Required action » Using the material below, return exactly the lines between the one holding "ミルクコッペパン、牛乳、肉だんごのスープ、じゃがいものいためもの" and the one holding "Swiss original imported", inclusive, and no others.

Records for this exercise »
"""
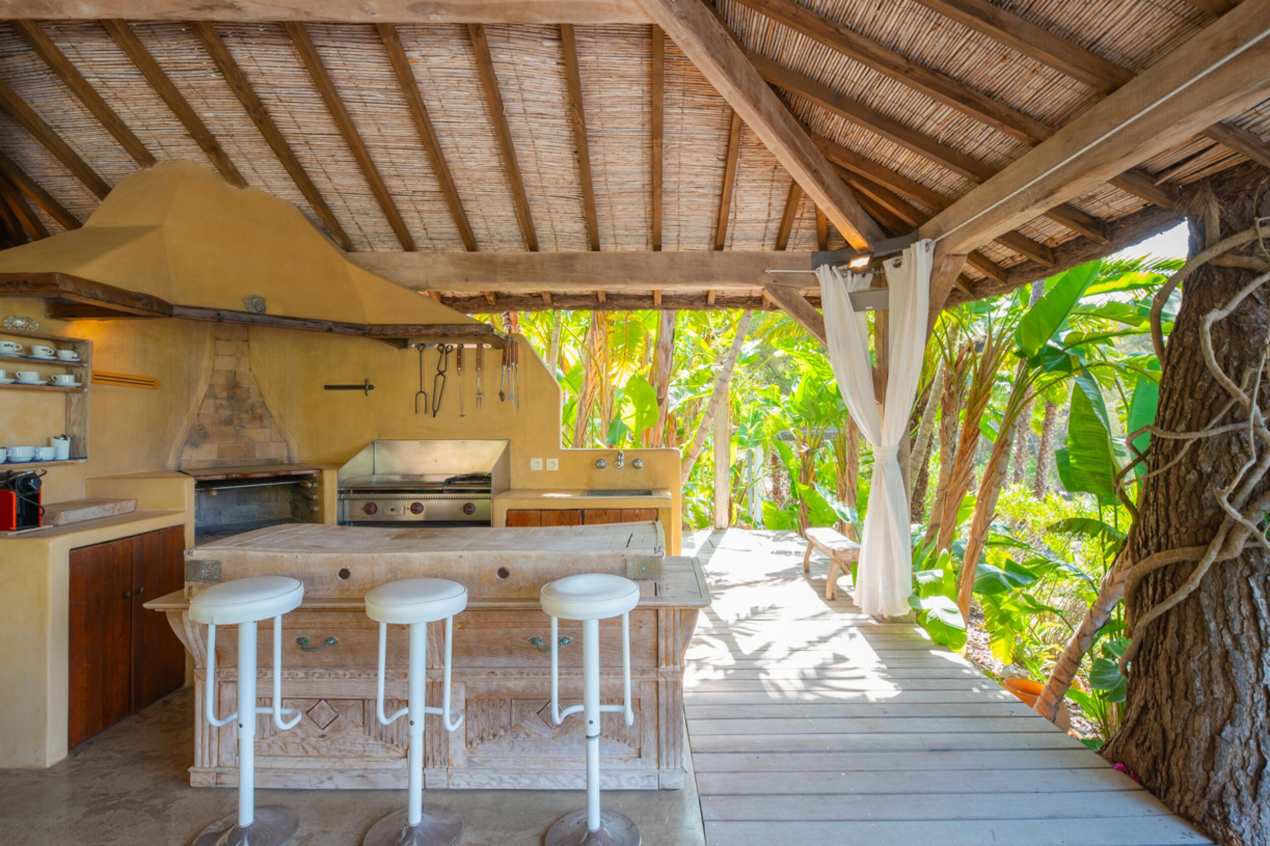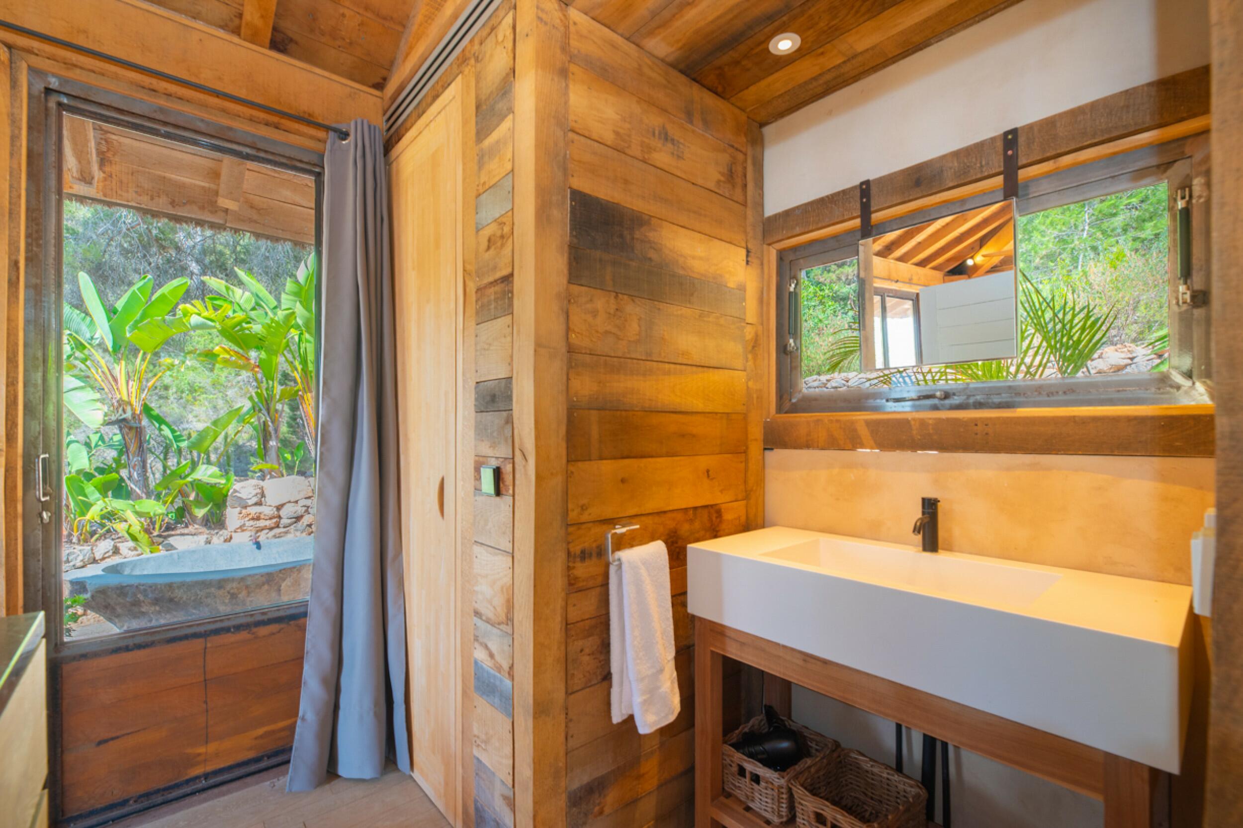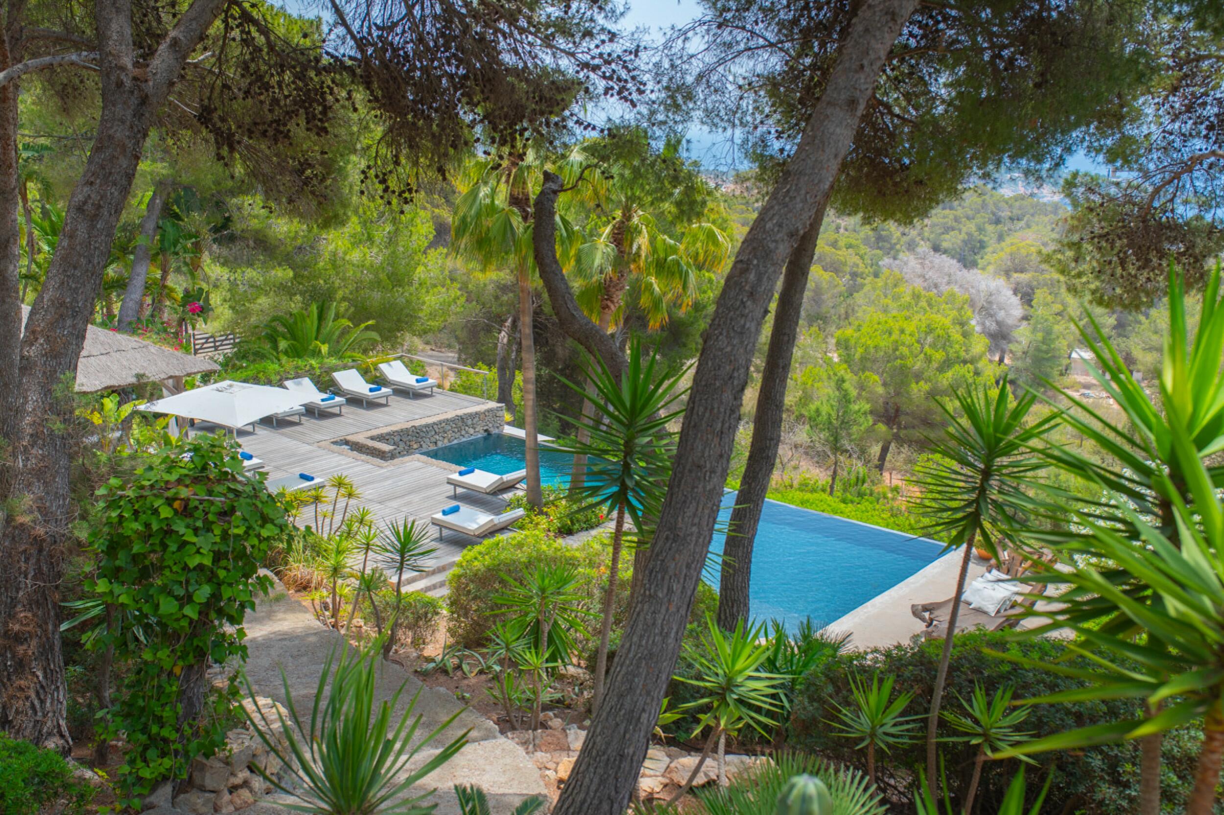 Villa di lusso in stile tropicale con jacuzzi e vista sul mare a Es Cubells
"""
"""
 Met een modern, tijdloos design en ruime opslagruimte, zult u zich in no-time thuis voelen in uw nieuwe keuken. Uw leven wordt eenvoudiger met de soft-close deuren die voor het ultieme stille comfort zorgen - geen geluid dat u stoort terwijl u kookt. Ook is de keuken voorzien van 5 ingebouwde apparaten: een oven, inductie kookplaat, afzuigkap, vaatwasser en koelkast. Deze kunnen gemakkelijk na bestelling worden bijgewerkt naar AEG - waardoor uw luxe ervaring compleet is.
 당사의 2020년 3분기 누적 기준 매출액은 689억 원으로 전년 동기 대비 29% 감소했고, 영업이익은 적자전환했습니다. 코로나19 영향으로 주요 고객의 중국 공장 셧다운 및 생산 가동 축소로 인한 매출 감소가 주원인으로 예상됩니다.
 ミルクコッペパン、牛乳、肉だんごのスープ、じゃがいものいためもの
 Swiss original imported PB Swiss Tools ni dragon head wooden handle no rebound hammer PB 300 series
"""
Exercise response »
 ミルクコッペパン、牛乳、肉だんごのスープ、じゃがいものいためもの
 Swiss original imported PB Swiss Tools ni dragon head wooden handle no rebound hammer PB 300 series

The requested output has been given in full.